The government has recently taken serious steps to attract foreign businesses engaged in 10 industries it views as being the best economic drivers of the future. A new law has been drafted which would allow for the creation of a 10 billion baht fund which would be used to provide extra privileges for the targeted industries.

The reason for the desire to establish such a fund comes on the back of a Finance Ministry report which suggested GDP growth in Thailand could reach between five and six percent if the country seriously promoted investment in 10 industries which are deemed the future of economic growth.

The industries which are to be encouraged to set up bases in Thailand are affluent, medical and wellness tourism; food; aviation and logistics; biofuels and biochemical; agriculture and biotechnology; next-generation cars; smart electronics; robotics for industry; digital and medical.

In November last year, the Cabinet approved, in principle, the Finance Ministry proposal to set up a specific fund to promote these industries. The fund would spend between five and six billion baht annually, with every one baht spent on investment expected to add economic value of 1.5 baht.

The incentives provided by the fund would vary from industry to industry and depend on negotiations with various investors. Incentives could include offering operators seed money as well as, if necessary, cheap loans. They could be given a longer period for income tax exemption than that presently offered by the Board of Investment (BoI). There is also a suggestion of offering cuts in personal income tax to zero, or as low as 15 percent for specialists.

In separate news, the Finance Ministry is firmly of the belief that GDP in 2016 will reach 3.8 percent, a definite improvement on the 2.8 percent witnessed in 2015.

The Bank of Thailand, reacting to the news that the European Central Bank (ECB) was showing a clear divergence with the United States in terms of monetary policy, has stated that investors and operators engaged in international trade pay very close attention to the risks associated with foreign exchange when making their plans and prognostications for 2016.
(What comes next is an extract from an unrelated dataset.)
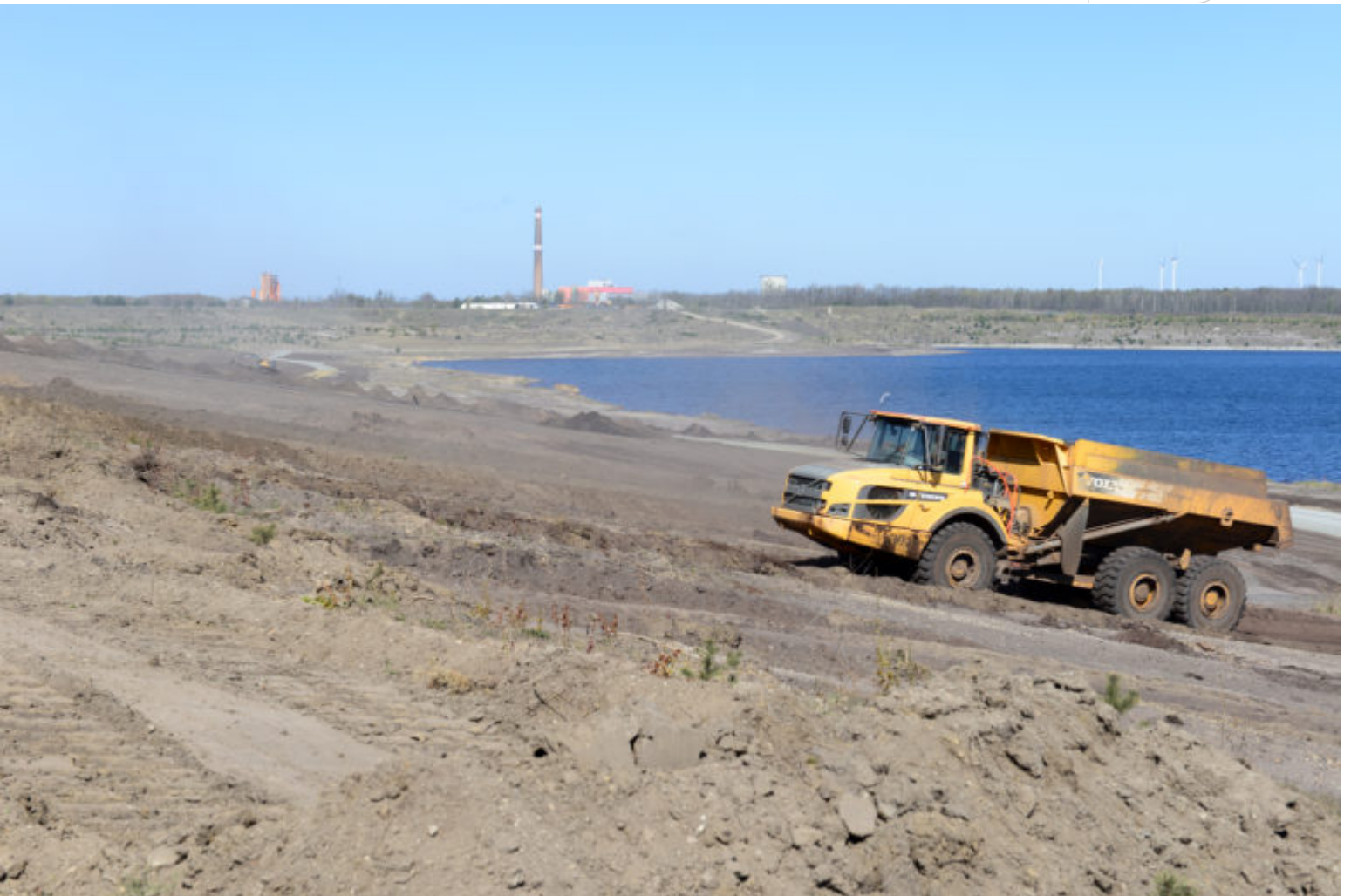
Massentransporte zur Böschungsgestaltung – Schornstein von “Sonne” im Hintergrund

In late 2015 the ECB cut its deposit rate by 0.1 percent to be minus 0.3 percent while extending its asset purchase scheme for an extra six months. Global financial markets reacted less than favourably to the ECB move.

Yet, in mid-December the US Federal Reserve raised interest rates by 25 basis points, or a quarter of one percent, for the first time in seven years. Global markets generally reacted favourably to the news.